What you will do »
Begin at the top of the entries below and write out every line through the one containing "Bälle verschwinden und", excluding pictures.

** Data shown follows **

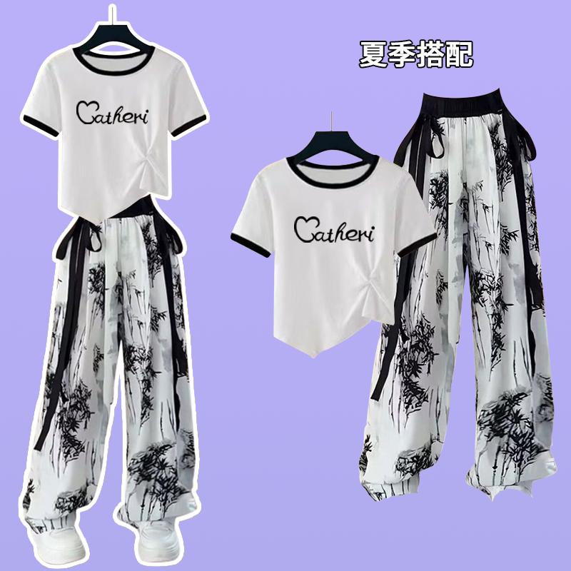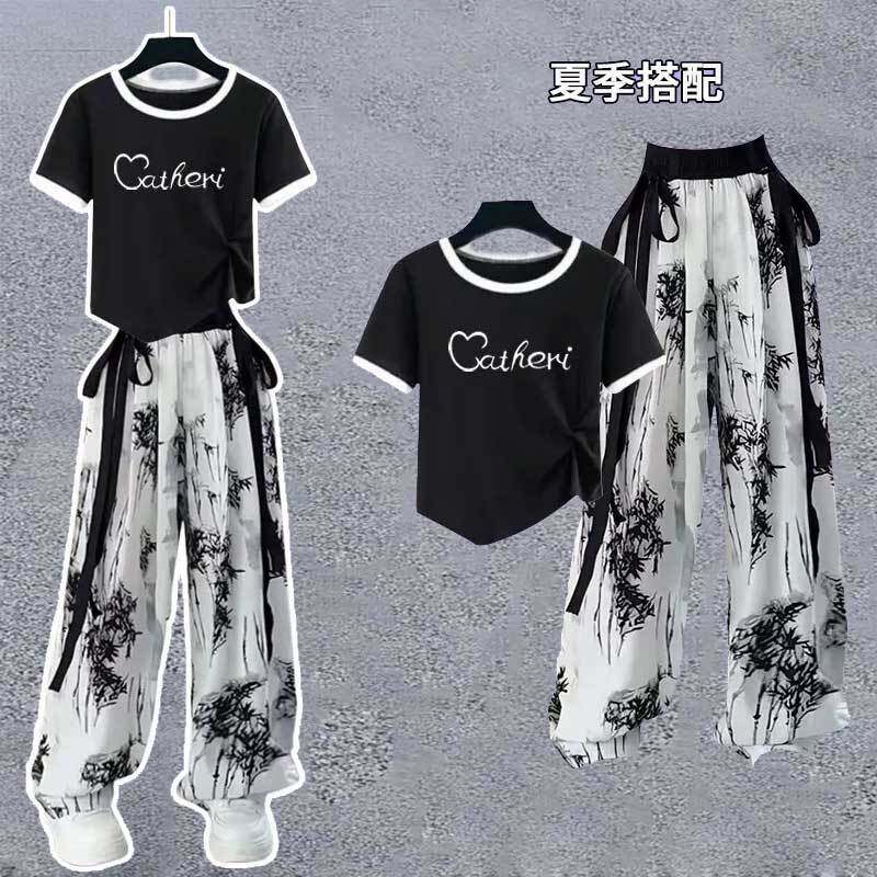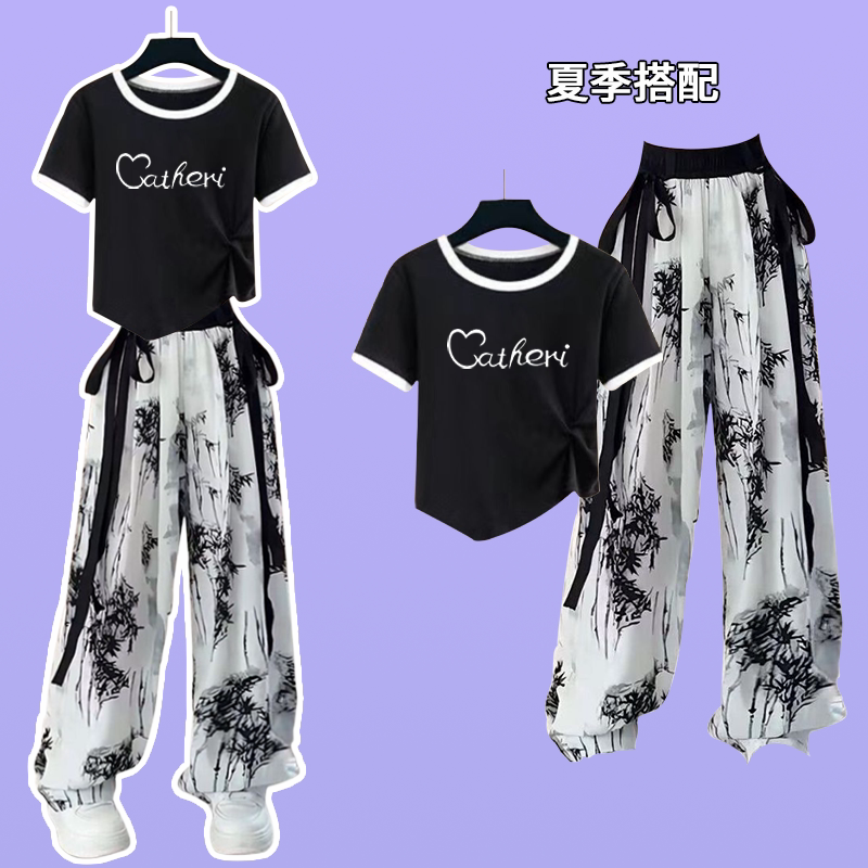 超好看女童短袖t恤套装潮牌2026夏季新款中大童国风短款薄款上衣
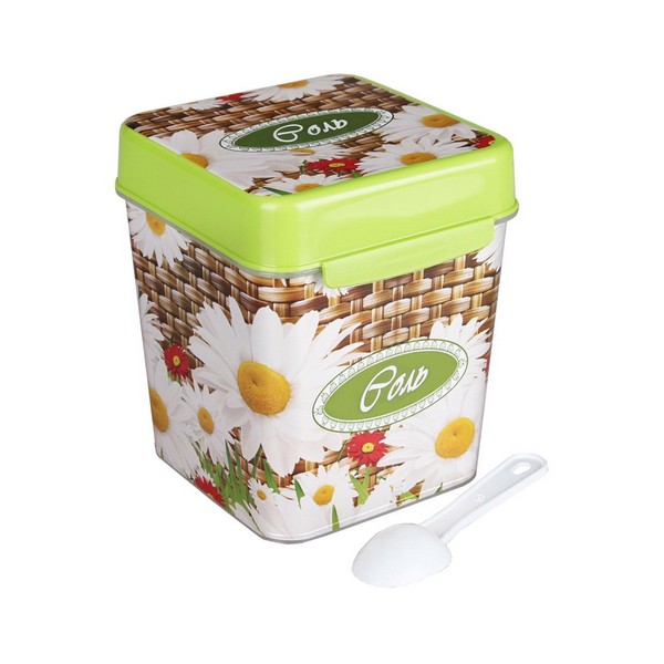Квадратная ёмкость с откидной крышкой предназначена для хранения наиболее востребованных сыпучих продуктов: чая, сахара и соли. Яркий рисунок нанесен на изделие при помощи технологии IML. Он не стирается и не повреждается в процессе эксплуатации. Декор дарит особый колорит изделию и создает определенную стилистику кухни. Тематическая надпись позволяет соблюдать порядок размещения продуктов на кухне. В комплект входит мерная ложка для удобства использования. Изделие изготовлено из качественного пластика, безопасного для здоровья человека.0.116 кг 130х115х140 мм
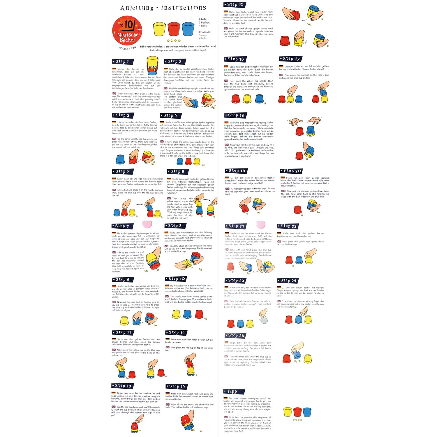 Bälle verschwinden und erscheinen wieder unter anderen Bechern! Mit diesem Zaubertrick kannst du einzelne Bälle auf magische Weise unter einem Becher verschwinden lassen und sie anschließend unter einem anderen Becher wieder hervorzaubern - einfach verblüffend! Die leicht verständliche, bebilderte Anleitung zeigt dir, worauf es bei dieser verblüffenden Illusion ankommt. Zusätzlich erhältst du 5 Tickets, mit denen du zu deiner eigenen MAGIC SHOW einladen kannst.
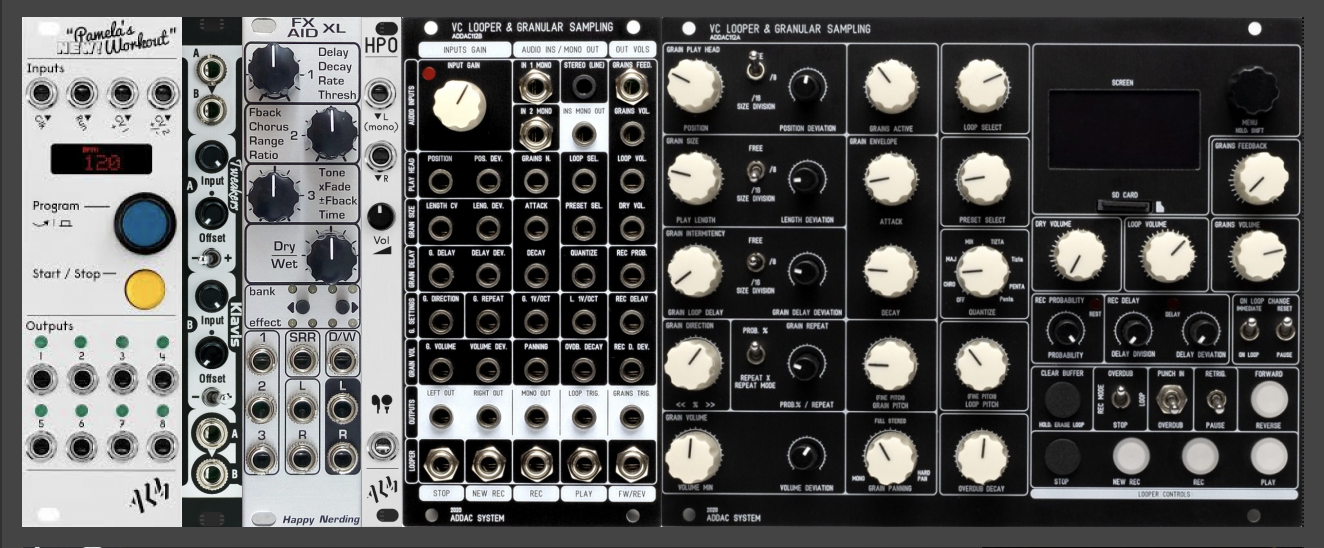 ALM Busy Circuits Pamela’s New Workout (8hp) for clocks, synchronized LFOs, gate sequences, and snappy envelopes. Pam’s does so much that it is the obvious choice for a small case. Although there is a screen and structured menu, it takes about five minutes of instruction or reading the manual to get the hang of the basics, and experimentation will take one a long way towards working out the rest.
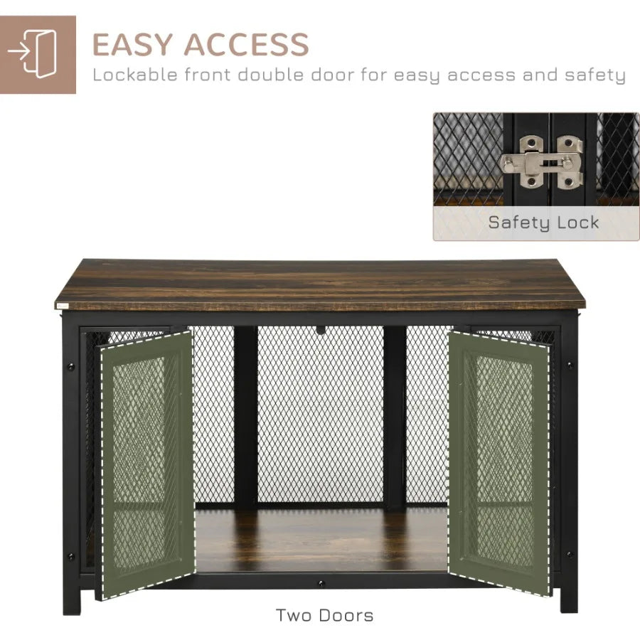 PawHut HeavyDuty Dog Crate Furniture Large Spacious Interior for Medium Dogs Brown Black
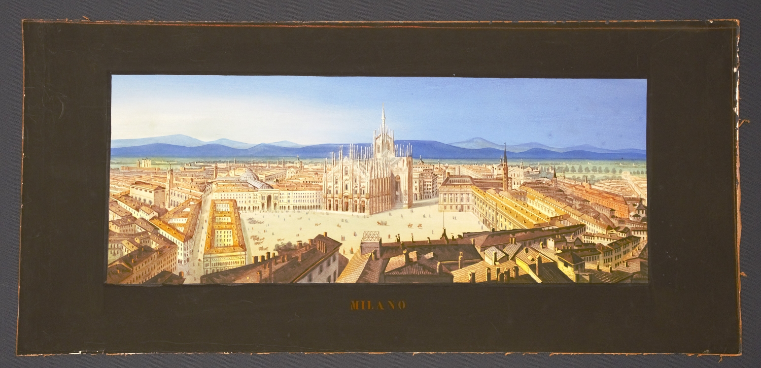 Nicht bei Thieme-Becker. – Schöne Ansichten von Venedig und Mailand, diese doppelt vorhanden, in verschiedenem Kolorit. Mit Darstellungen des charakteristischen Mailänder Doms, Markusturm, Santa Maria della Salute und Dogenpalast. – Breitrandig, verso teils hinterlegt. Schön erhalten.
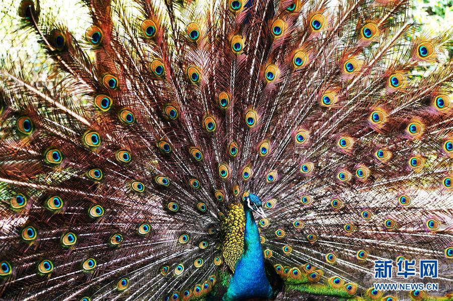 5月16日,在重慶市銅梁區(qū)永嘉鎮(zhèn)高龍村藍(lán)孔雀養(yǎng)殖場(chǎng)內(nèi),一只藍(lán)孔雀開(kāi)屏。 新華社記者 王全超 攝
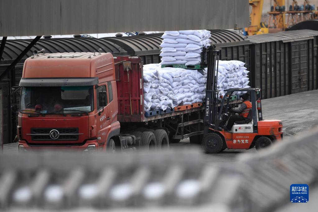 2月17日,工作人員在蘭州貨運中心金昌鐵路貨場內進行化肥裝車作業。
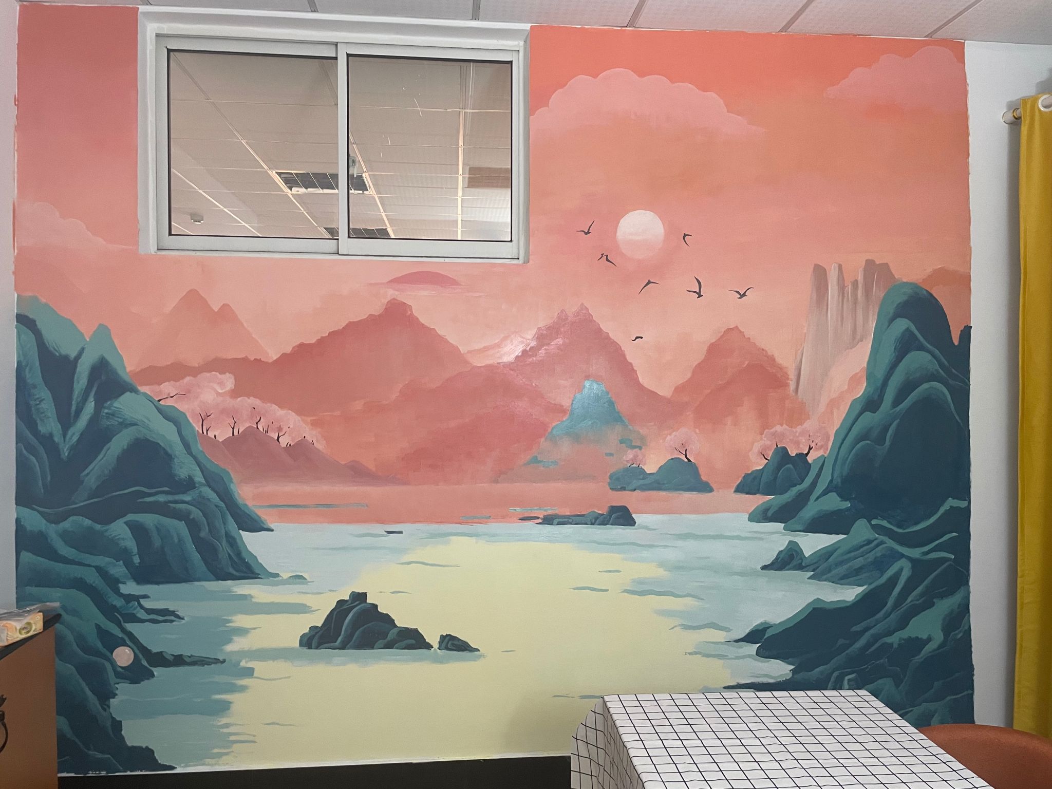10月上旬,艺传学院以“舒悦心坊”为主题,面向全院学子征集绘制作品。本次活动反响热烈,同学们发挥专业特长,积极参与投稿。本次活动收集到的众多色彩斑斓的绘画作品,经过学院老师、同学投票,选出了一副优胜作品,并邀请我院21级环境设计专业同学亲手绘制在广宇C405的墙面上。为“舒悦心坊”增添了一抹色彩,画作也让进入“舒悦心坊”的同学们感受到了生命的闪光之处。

** End of Data shown **

Answer to this exercise »
 超好看女童短袖t恤套装潮牌2026夏季新款中大童国风短款薄款上衣
Квадратная ёмкость с откидной крышкой предназначена для хранения наиболее востребованных сыпучих продуктов: чая, сахара и соли. Яркий рисунок нанесен на изделие при помощи технологии IML. Он не стирается и не повреждается в процессе эксплуатации. Декор дарит особый колорит изделию и создает определенную стилистику кухни. Тематическая надпись позволяет соблюдать порядок размещения продуктов на кухне. В комплект входит мерная ложка для удобства использования. Изделие изготовлено из качественного пластика, безопасного для здоровья человека.0.116 кг 130х115х140 мм
 Bälle verschwinden und erscheinen wieder unter anderen Bechern! Mit diesem Zaubertrick kannst du einzelne Bälle auf magische Weise unter einem Becher verschwinden lassen und sie anschließend unter einem anderen Becher wieder hervorzaubern - einfach verblüffend! Die leicht verständliche, bebilderte Anleitung zeigt dir, worauf es bei dieser verblüffenden Illusion ankommt. Zusätzlich erhältst du 5 Tickets, mit denen du zu deiner eigenen MAGIC SHOW einladen kannst.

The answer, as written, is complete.